The polymerase chain reaction (PCR), followed by denaturing gradient gel
electrophoresis (DGGE) were used to determine the structural diversity, and
community level physiological profiling (CLPP) using BIOLOG plates, the catabolic
diversity. In addition, the soils were analysed with respect to selected
physicochemical variables, and the effects of these on the soil microbial communities
were determined. Replicate soil samples (0–5 cm) were randomly collected from three
independent locations within each land use and management, at both sites. Soil
suspensions for the CLPP analyses were prepared from fresh soil subsamples (within
24 h of collection) for the bacterial community analyses, and from 8-day-old soil
subsamples (incubated at 4°C to allow for spore germination) for the fungal
community analyses. BIOLOG EcoPlates™ were used for the bacterial CLPP study
and SF-N2 MicroPlates™ for the fungal analysis, the protocols being adapted and optimized for local conditions. This data was log [X+1]-transformed and analysed by
principal component analysis (PCA) and redundancy analysis (RDA). For PCRDGGE,
total genomic DNA was isolated directly from each soil subsample, and
purified using the MO BIO UltraClean™ soil DNA Isolation kit. Protocols were
developed and optimized, and fragments of 16S rDNA from soil bacterial
communities were PCR-amplified, using the universal bacterial primer pair
341fGC/534r. Different size 18S rDNA sequences were amplified from soil fungal
communities, using the universal fungus-specific primer pairs NS1/FR1GC and
FF390/FR1GC. Amplicons from both the bacterial and fungal communities were
fingerprinted by DGGE, and bands in the fungal DGGE gels were excised and
sequenced. The DGGE profiles were analysed by Bio-Rad Quantity One™ Image
analysis software, with respect to band number, position, and relative intensity.
Statistical analyses of this data then followed.

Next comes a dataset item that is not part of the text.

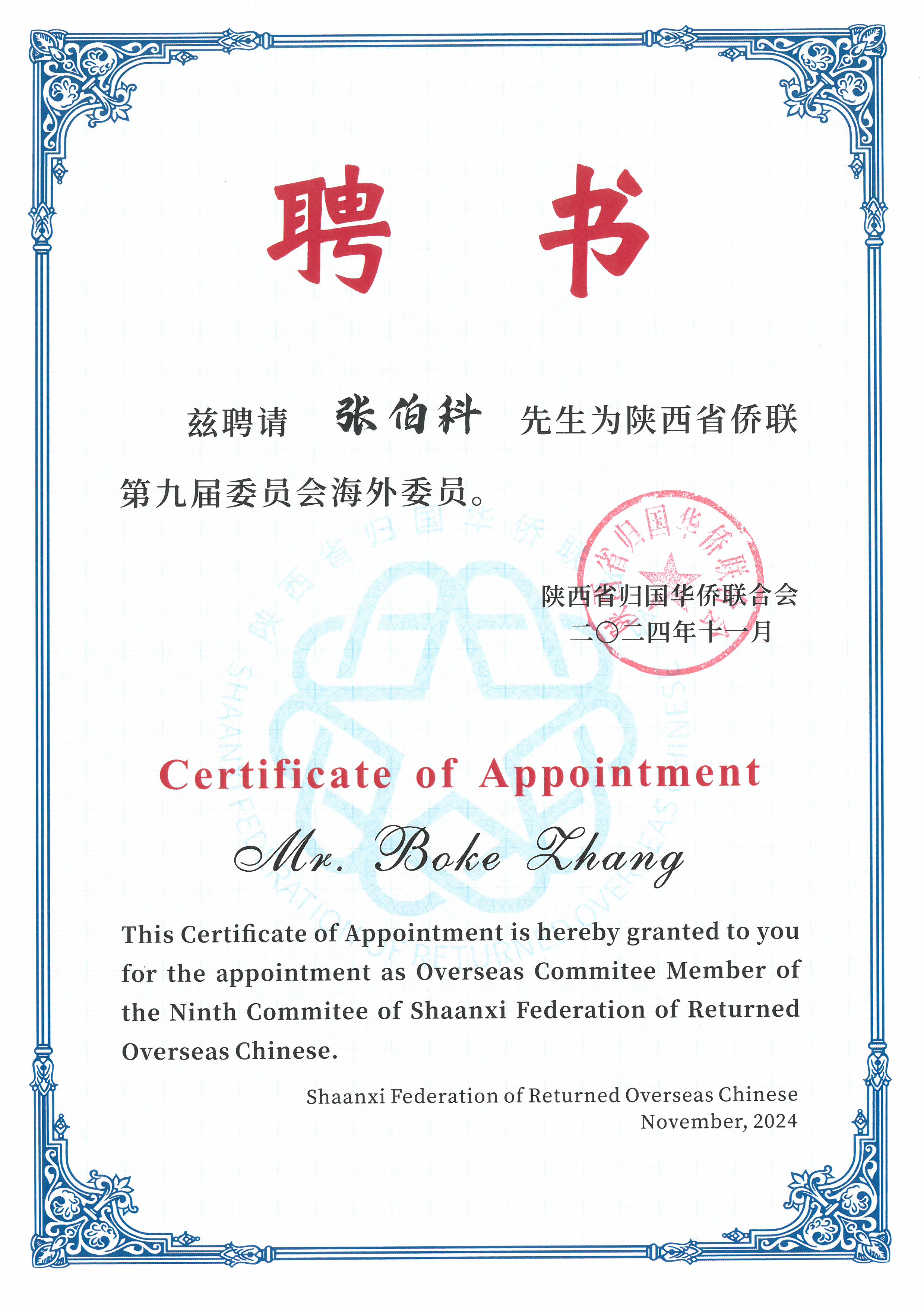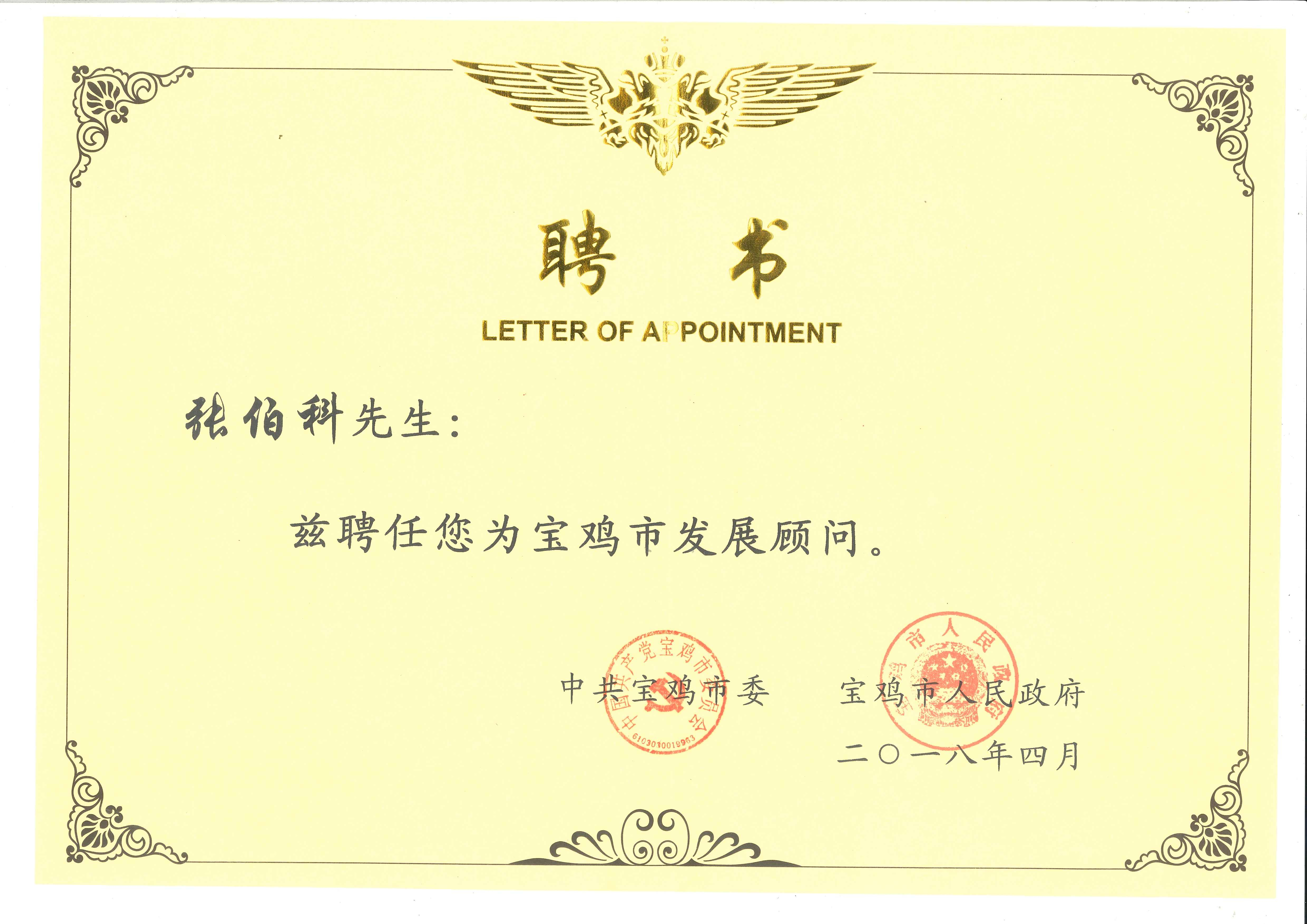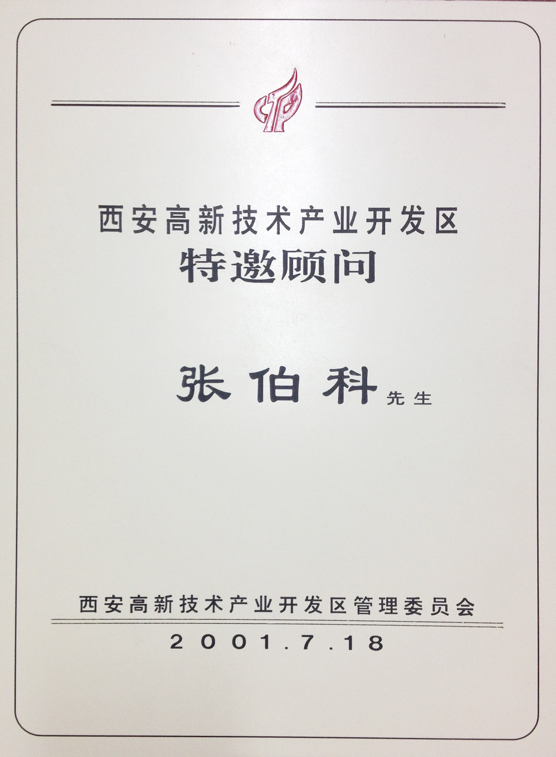 國家級西安高新技術(shù)產(chǎn)業(yè)開發(fā)區(qū)特聘海外顧問

Soil properties [organic C; pH (KCl); exchangeable acidity; total cations (ECEC);
exchangeable K, Ca and Mg; and extractable P] were determined by PCA and were
shown to have affected the structural and catabolic diversity of the resident microbial
communities. At Baynesfield, canonical correspondence analysis (CCA) relating the
selected soil variables to bacterial community structural diversity, indicated that
ECEC, K, P and acidity were correlated with CCA1, accounting for 33.3% of the
variance, whereas Mg and organic C were correlated with CCA2 and accounted for
22.9% of the variance. In the fungal structural diversity study, pH was correlated with
CCA1, accounting for 43.8% of the variance, whereas P, ECEC and organic C were
correlated with CCA2, and accounted for 30.4% of the variance. The RDA of the
catabolic diversity data showed that the same soil variables affecting fungal structural
diversity (organic C, P, ECEC and pH) had influenced both the bacterial and fungal
catabolic diversity. In both the bacterial and fungal RDAs, organic C, P and ECEC
were aligned with RDA1, and pH with RDA2. However in the bacterial analysis,
RDA1 accounted for 46.0%, and RDA2 for 27.5% of the variance, whereas in the
fungal RDA, RDA1 accounted for only 21.7%, and RDA2 for only 15.0% of the
variance.
The higher extractable P and exchangeable K concentrations under SC and M, were
important in differentiating the structural diversity of these soil bacterial and fungal communities from those under the other land uses. High P concentrations under M
were also associated with bacterial catabolic diversity and to a lesser extent with that
of the soil fungal communities under M. Similarly, the higher organic C and
exchangeable Mg concentrations under KIK and NAT, possibly contributed to the
differentiation of these soil bacterial and fungal communities from those under the
other land uses, whereas under PF, the high exchangeable acidity and low pH were
possibly influencing factors. Under W, low concentrations of P and K were noted.
Other factors, such as the presence/absence and frequency of tillage and irrigation,
and the diversity of organic inputs due to the diversity of the above-ground plant
community, (in NAT, for example) were considered potentially important influences
on the nature and diversity of the various land use bacterial and fungal communities.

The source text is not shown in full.